▶ What you should do
Nothing but the lines below from the one containing "Dowsett: Nós experimentamos" through the one containing "Beach style midi" should appear in the answer, exact and without pictures.

▶ Supplied records

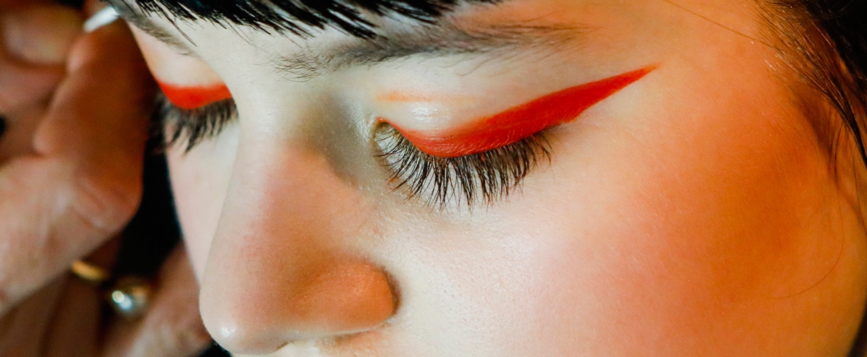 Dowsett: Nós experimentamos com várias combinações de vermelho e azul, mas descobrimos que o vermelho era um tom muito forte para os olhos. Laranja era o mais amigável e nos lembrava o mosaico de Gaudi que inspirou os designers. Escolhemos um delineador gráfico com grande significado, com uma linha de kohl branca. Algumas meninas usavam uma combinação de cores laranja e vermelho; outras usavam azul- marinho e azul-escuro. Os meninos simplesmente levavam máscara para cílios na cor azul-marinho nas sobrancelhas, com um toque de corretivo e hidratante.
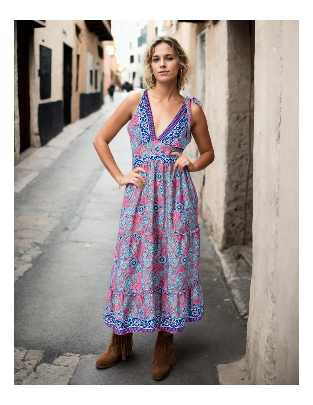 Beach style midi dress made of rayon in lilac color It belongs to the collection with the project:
...
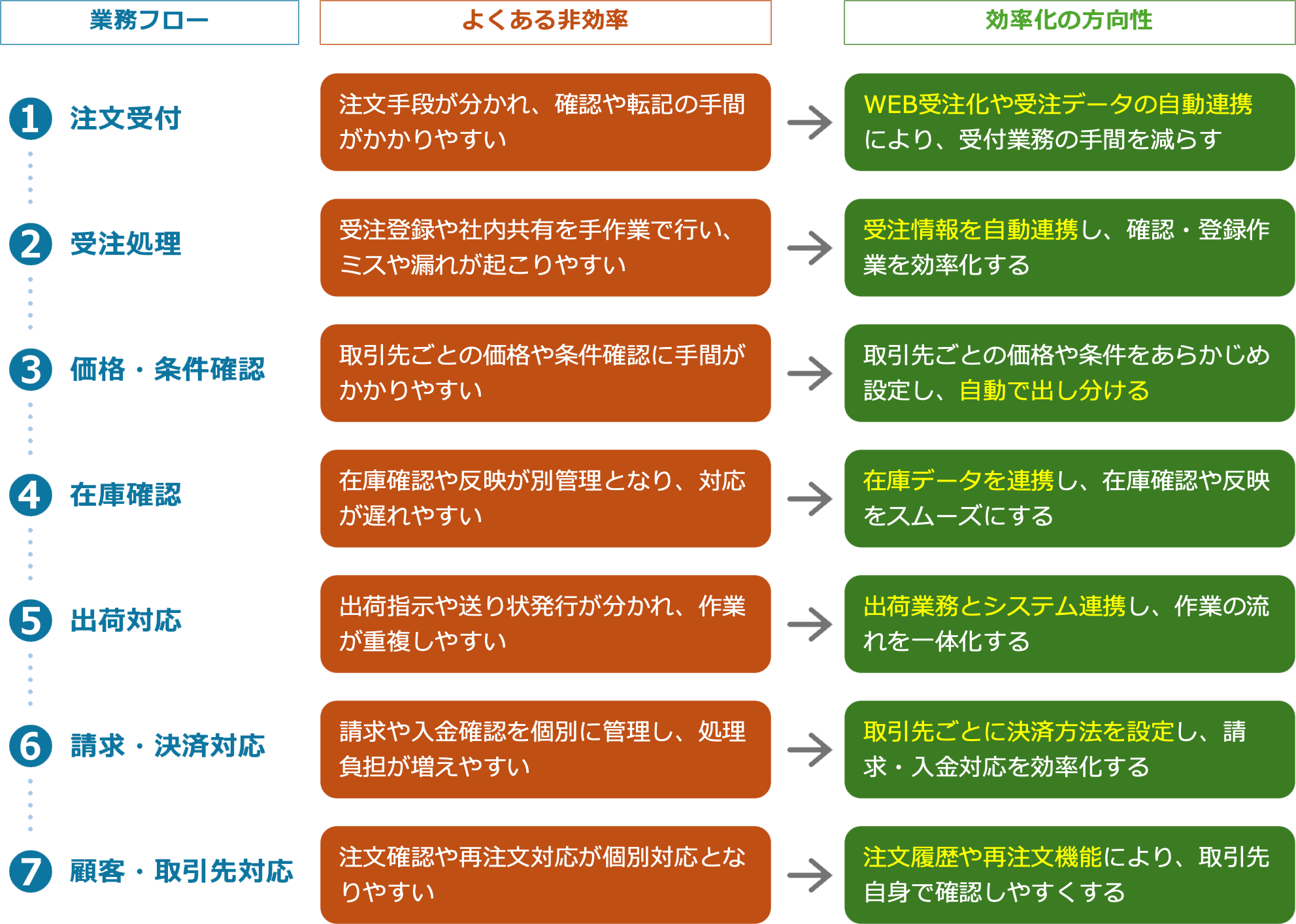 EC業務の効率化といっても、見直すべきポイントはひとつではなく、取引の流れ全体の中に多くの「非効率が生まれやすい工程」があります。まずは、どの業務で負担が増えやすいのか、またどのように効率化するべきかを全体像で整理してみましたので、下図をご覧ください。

▶ Solved problem
 Dowsett: Nós experimentamos com várias combinações de vermelho e azul, mas descobrimos que o vermelho era um tom muito forte para os olhos. Laranja era o mais amigável e nos lembrava o mosaico de Gaudi que inspirou os designers. Escolhemos um delineador gráfico com grande significado, com uma linha de kohl branca. Algumas meninas usavam uma combinação de cores laranja e vermelho; outras usavam azul- marinho e azul-escuro. Os meninos simplesmente levavam máscara para cílios na cor azul-marinho nas sobrancelhas, com um toque de corretivo e hidratante.
 Beach style midi dress made of rayon in lilac color It belongs to the collection with the project:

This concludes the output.